Road operator: this is the entity that manages roadways to meet local objectives. Generally, this may mean maintenance of traffic flows and responding to safety incidents. The road operator may need to monitor the road situation and provide information to the road users. This road operator plays a significant role in most ITS services. This user group represents the critical infrastructure side of an ITS network.
Vehicle Drivers: this is the second user group that is composed of vehicle drivers. The main objective of this group is to reach their destination without accidents, and efficiently. This is the group of users in a typical system that constitutes the end-users of the ITS service. This group of users also indirectly become the source of much of performance data of the roads. The data may be collected via remote sensing, or actively gathered by the vehicle and provided via a third-party.
Travelers or Pedestrians: this is the third user group that uses ITS services. These users may utilize ITS to get traffic information, plan their travel, use the transit services or request emergency assistance.
Objectives of ITS system
For different regions to benefit from ITS, they may consider different objectives. Broadly the objectives may be categorized into five main areas:
- Safety (e.g., Forward Collision Warning, Blind Spot/Lane Change Warning, Emergency Electronic Brake Lights)
- Mobility (e.g., Signal Priority, Emergency Vehicle Preemption, Cooperative adaptive cruise control)
- Environmental (e.g., Dynamic Eco-routing – light vehicle / transit / freight, Low Emission zone management)
- Regulatory (e.g., Vehicle classification, tolls)
- Convenience (e.g., Ride-share, parking)
Driving Automation
The SAE J3016, Recommended Practice: Taxonomy and Definitions for Terms Related to Driving Automation Systems for On-Road Motor Vehicles, commonly referenced as the SAE Levels of Driving Automation, has been the most-cited industry source for driving automation. The SAE’s six levels of driving automation provide a taxonomy with detailed definitions of driving automation, ranging from from Level 0 (no driving automation) to Level 5 (full driving automation) in the context of motor vehicles and their operation on roadways by describing the driving automation systems.
The National Highway Traffic Safety Administration (NHTSA) under the US Department of Transportation adopted the SAE automation levels in their vision for safety publication .
Emergence of connected automated driving
While the overall transport systems have been improving, the vehicles themselves have been in a state of transformation with more intelligence within the vehicle. Connected vehicles are also becoming more prevalent. The NHTSA and the European Road Transport Research Advisory Council (ERTRAC) recognize that automated driving is a strong force towards improved experience for road users. The NHTSA page on Automated Vehicles for Safety and the ERTRAC roadmap on Connected Automated Driving Roadmap list that the main drivers for higher levels of Automated Driving are:
- Safety: Reduce accidents caused by human errors.

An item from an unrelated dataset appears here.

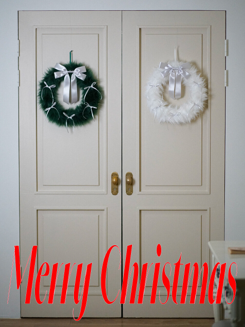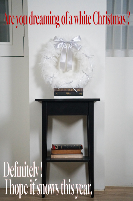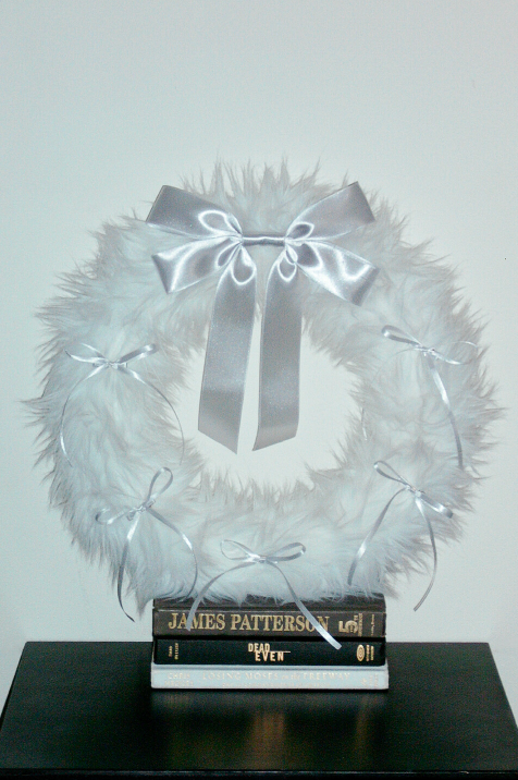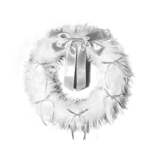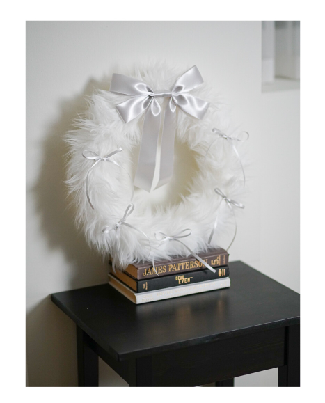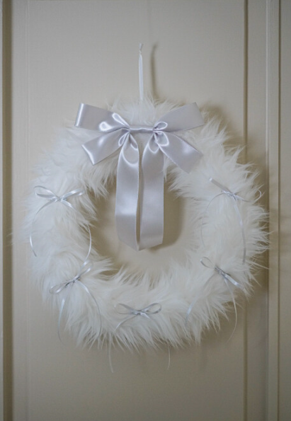 FURRY RIBBON WREATH (White /silver)

- Efficiency and environmental objectives: Increase transport system efficiency and reduce time in congested traffic by new urban mobility solutions. Also, smoother traffic will help to decrease the energy consumption and emissions of the vehicles.
- Comfort: Enable user’s freedom for other activities when automated systems are active.
- Social inclusion: Ensure mobility for all, including elderly and impaired users.
- Accessibility: Facilitate access to city centres.
Roadmap for ITS in different regions
There has been an increased emphasis on supporting and adopting new emerging technologies for enhancing safety, efficiency, and accessibility of transportation.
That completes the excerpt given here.